I have modified the reduction SDK example to test out if CUDA is worth investigating for our research. Basically what I need to do is take an array of double precision numbers, apply a function to each value which involves reading some constants from constant memory, and then summing up the results. I am getting results of about 5 times as fast with one Tesla C1060 compared to our dual quad core xeon 5520 machine which seems ok but perhaps not optimal. When I look at the profiler on a ~1000000 element array I get the following results, my shared memory conflicts seems as low as I can go with double precision numbers and I have zero non-coalesced global memory loads, the result of the results are below:

[codebox]template <class T, unsigned int blockSize, bool nIsPow2>

**global** void

reduce6(T *g_idata, T *g_odata, unsigned int n)

{

```
SharedMemory<T> smem;
T *sdata = smem.getPointer();
```

// perform first level of reduction,

```
// reading from global memory, writing to shared memory
unsigned int tid = threadIdx.x;
unsigned int i = blockIdx.x*(blockSize*2) + threadIdx.x;
unsigned int gridSize = blockSize*2*gridDim.x;
sdata[tid] = 0;
```

//Read in parameters from constant memory

```
double sigma = d_params[0];
double mean = d_params[1];
```

// we reduce multiple elements per thread.
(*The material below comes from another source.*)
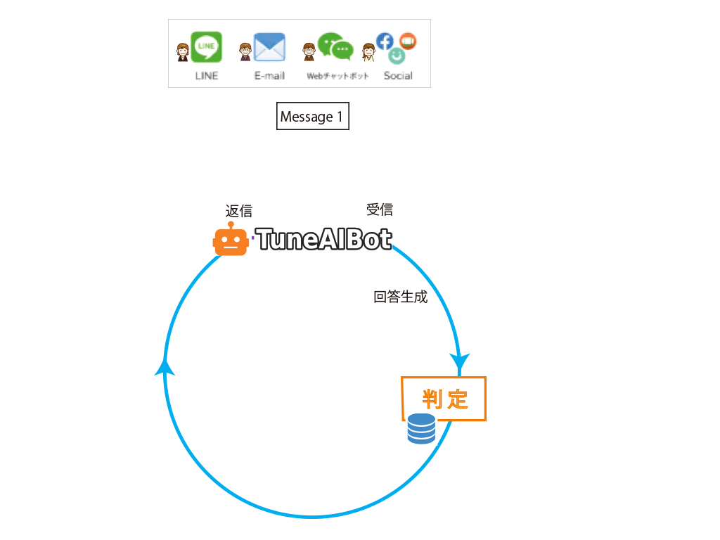 TuneAIBotはChatGPTを会社専用モデルを用意し、商品情報、FAQ、業務ルールを教育し、コミュニケーションチャンネル(LINE、メール、SNSなど)への送受信をAIに実行するAIプラットフォームです。日々の問合せの対応をナレッジ化していくことで、知的資産(アセット)となり、自動応答率が上がっていきます。

The number is determined by the

```
// number of active thread blocks (via gridDim). More blocks will result
// in a larger gridSize and therefore fewer elements per thread
while (i < n)
{
sdata[tid] -= LL(g_idata[i], sigma, mean);
// ensure we don't read out of bounds -- this is optimized away for powerOf2 sized arrays
if (nIsPow2 || i + blockSize < n)
sdata[tid] -= LL(g_idata[i+blockSize], sigma, mean);
i += gridSize;
}
__syncthreads();
```

// do reduction in shared mem

```
if (blockSize >= 512) { if (tid < 256) { sdata[tid] += sdata[tid + 256]; } __syncthreads(); }
if (blockSize >= 256) { if (tid < 128) { sdata[tid] += sdata[tid + 128]; } __syncthreads(); }
if (blockSize >= 128) { if (tid < 64) { sdata[tid] += sdata[tid + 64]; } __syncthreads(); }
```

if (tid < 32)

```
{
if (blockSize >= 64) { sdata[tid] += sdata[tid + 32];}
if (blockSize >= 32) { sdata[tid] += sdata[tid + 16];}
if (blockSize >= 16) { sdata[tid] += sdata[tid + 8];}
if (blockSize >= 8) { sdata[tid] += sdata[tid + 4];}
if (blockSize >= 4) { sdata[tid] += sdata[tid + 2];}
if (blockSize >= 2) { sdata[tid] += sdata[tid + 1];}
}
```

// write result for this block to global mem

```
if (tid == 0) g_odata[blockIdx.x] = sdata[0];
```

}

[/codebox]

where the only modifications I have made are calling my function LL as I read the value from global to shared memory and where I read in the constant values sigma/mean into registers. Does anyone have any tips on improving this? Is there anyway to calculate if I am fully utilizing the chip as this seems to be computationally bound? Thanks a lot!